--- Problem ---
Skip the pictures and copy all the data that follows exactly.

--- Data excerpt ---
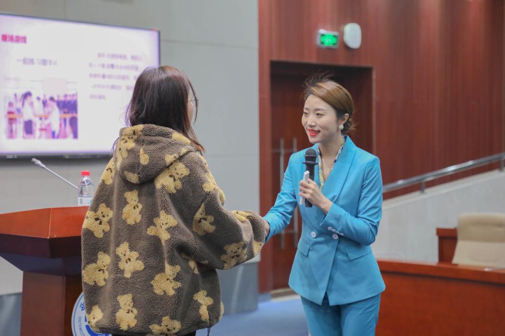 赵斯斯老师是yl1111永利集团特邀培训师,美国ACIC国际注册高级礼仪培训师,全国第九届残运会暨第六届特奥会礼仪培训师,中国女性形象工程礼仪讲师团讲师,教育部职业核心能力礼仪培训师,中国儿童礼仪教育协会高级讲师,曾受邀为全国多家知名企业事业单位和高校授课与培训。赵老师首先从基础握手礼节的注意事项引入公务礼仪的话题。通过让每位观众与自己左右两边的人相互握手,亲身感受需注意的礼仪细节。握手时要“上步并脚握,掌心相对,力度七分,三到五下,目光对视,语言交流”,同时也要遵循尊者先伸手的原则。接着赵老师用实例展示了礼仪的重要性。礼仪不仅是公务与涉外工作的窗口,还是一门综合的艺术,它具有高度的政治性和政策性。开展工作时,礼仪需先行。她仔细地分享了职业形象塑造方面的注意事项,包括发型、服饰、表情语言和肢体语言。“君子之修身也,内正其心,外正其容”。一处处小细节的外观改变,就能让他人的感受大不同。
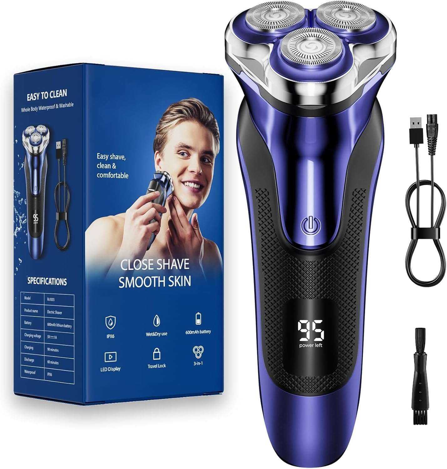 4D blades contour closely.IPX6 enables wet shaving.
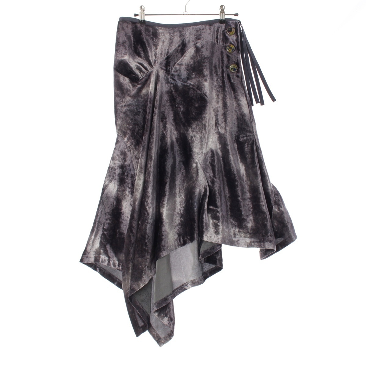 - イッセイミヤケ 2005AW FLOWER PRESS ボタン ベロア 平面 変型 スカート IM53FG525 グレー 2【中古】

--- Answer ---
 赵斯斯老师是yl1111永利集团特邀培训师,美国ACIC国际注册高级礼仪培训师,全国第九届残运会暨第六届特奥会礼仪培训师,中国女性形象工程礼仪讲师团讲师,教育部职业核心能力礼仪培训师,中国儿童礼仪教育协会高级讲师,曾受邀为全国多家知名企业事业单位和高校授课与培训。赵老师首先从基础握手礼节的注意事项引入公务礼仪的话题。通过让每位观众与自己左右两边的人相互握手,亲身感受需注意的礼仪细节。握手时要“上步并脚握,掌心相对,力度七分,三到五下,目光对视,语言交流”,同时也要遵循尊者先伸手的原则。接着赵老师用实例展示了礼仪的重要性。礼仪不仅是公务与涉外工作的窗口,还是一门综合的艺术,它具有高度的政治性和政策性。开展工作时,礼仪需先行。她仔细地分享了职业形象塑造方面的注意事项,包括发型、服饰、表情语言和肢体语言。“君子之修身也,内正其心,外正其容”。一处处小细节的外观改变,就能让他人的感受大不同。
 4D blades contour closely.IPX6 enables wet shaving.
 - イッセイミヤケ 2005AW FLOWER PRESS ボタン ベロア 平面 変型 スカート IM53FG525 グレー 2【中古】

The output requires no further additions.